Exercise goal
Starting at the line that contains "Lžíce Luxus se" and stopping after the line that contains "Only about 30", transcribe the listing below exactly; do not include any pictures.

Source material
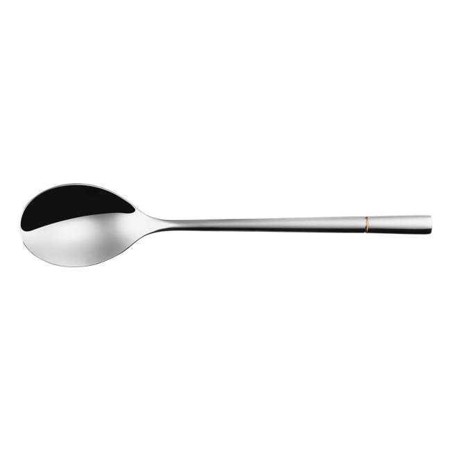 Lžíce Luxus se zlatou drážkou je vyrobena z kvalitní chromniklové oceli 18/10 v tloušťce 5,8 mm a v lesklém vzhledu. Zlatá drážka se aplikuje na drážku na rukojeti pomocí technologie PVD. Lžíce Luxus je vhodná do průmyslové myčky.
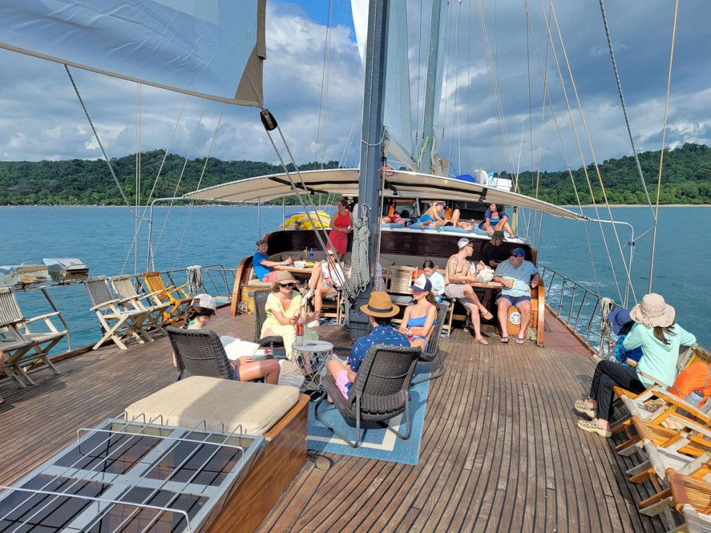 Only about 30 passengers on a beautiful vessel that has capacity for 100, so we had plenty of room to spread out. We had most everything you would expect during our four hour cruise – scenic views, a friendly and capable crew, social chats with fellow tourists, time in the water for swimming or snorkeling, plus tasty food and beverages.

* * *

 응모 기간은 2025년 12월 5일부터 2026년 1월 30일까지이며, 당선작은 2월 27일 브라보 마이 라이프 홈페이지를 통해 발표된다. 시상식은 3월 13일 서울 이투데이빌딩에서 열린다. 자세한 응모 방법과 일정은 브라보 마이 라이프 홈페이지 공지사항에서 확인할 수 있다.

Solution for this exercise
 Lžíce Luxus se zlatou drážkou je vyrobena z kvalitní chromniklové oceli 18/10 v tloušťce 5,8 mm a v lesklém vzhledu. Zlatá drážka se aplikuje na drážku na rukojeti pomocí technologie PVD. Lžíce Luxus je vhodná do průmyslové myčky.
 Only about 30 passengers on a beautiful vessel that has capacity for 100, so we had plenty of room to spread out. We had most everything you would expect during our four hour cruise – scenic views, a friendly and capable crew, social chats with fellow tourists, time in the water for swimming or snorkeling, plus tasty food and beverages.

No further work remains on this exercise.